Zossima does not become a whole human being all in an instant, as the narrative goes on to show in later chapters. There is a long journey ahead of him still, as there is a long journey ahead of all of us still. But the grace of God, which reaches him through his vision of the beautiful day, opens not just his eyes to see that life is heaven but also opens his heart, where heaven has dwelled all along. The world thinks he has gone mad when he flings his pistol into the woods without firing a shot, but he finds himself filled with a peace that the catcalls of the world can no more take away than the applause of the world can give. He has a long way still to go, but he sets forth armed with the truth that only years later he puts into words. "Fathers and teachers, I ponder, What is hell? I maintain that hell is the suffering of being unable to love." What Dostoyevsky seems to be saying is that the journey toward wholeness for Zossima and for all of us is, above all else, a journey toward that capacity to love called compassion.

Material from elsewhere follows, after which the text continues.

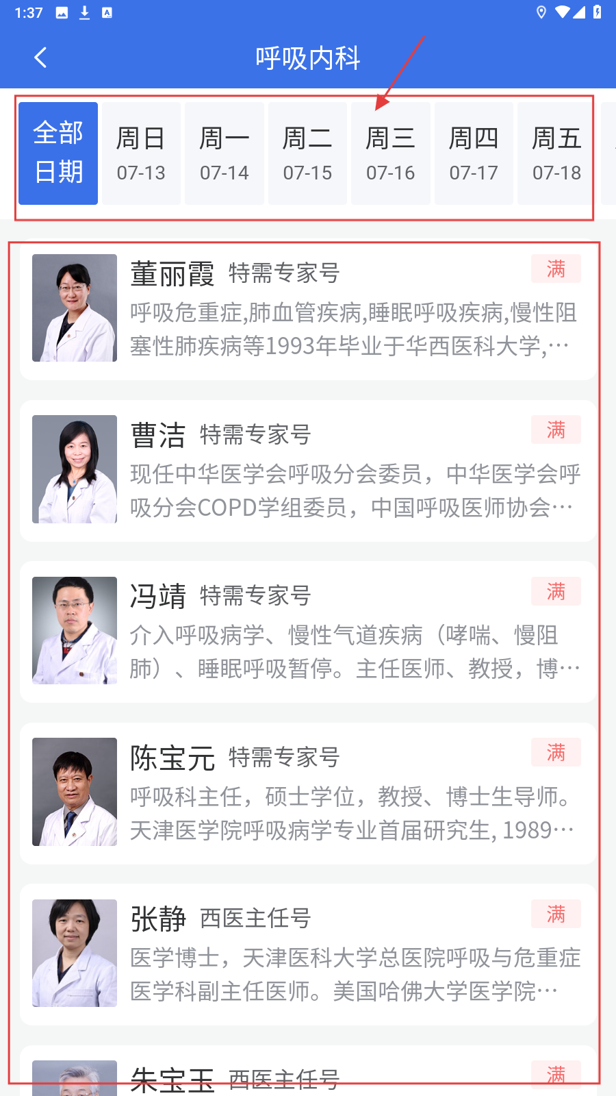 4、进入【呼吸内科】界面后,按需选择日期及医生进行挂号即可。
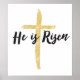 Celebrar a ressurreição de Jesus com este elegante design de tipografia com escrita de pincel com palavras a preto, que declara, "Ele é Risen." O fundo é uma cruz desenhada à mão no estilo da folha de ouro (digitalmente fundida). Referência bíblica de Matthew 28:6.

Zossima saying that we have only to see that life is heaven and we will all embrace one another and weep and the old veterans of Gettysburg doing exactly that. Naya writing with wit and grace, in a hand so shaky that she can barely hold her pen, about joy. The summer trees bowing and beckoning and reaching out to us as you and I, if we dare, can reach out in turn to them. There is treasure buried in the field of every one of our days, even the bleakest or dullest, and it is our business, as we journey, to keep our eyes peeled for it.

Gerald Manley Hopkins wrote:

There lives the dearest freshness deep down things;
And though the last lights off the black West went
Oh, morning, at the brown brink eastward, springs
Because the Holy Ghost over the bent World broods
with warm breast and with ah! bright wings.

It is our business, as we journey, to keep our hearts open to that, to the bright-winged presence of the Holy Ghost within us and the Kingdom of God among us, until, little by little, compassionate love begins to change from a moral exercise, from a matter of gritting our teeth and doing our good deed for the day, into a joyous, spontaneous, self-forgetting response to the most real aspect of all reality, which is that the world is holy because God made it and so is every one of us as well. To deny that reality is to exist as a stranger in a world of strangers. To live out of and toward that reality is, little by little, to become whole.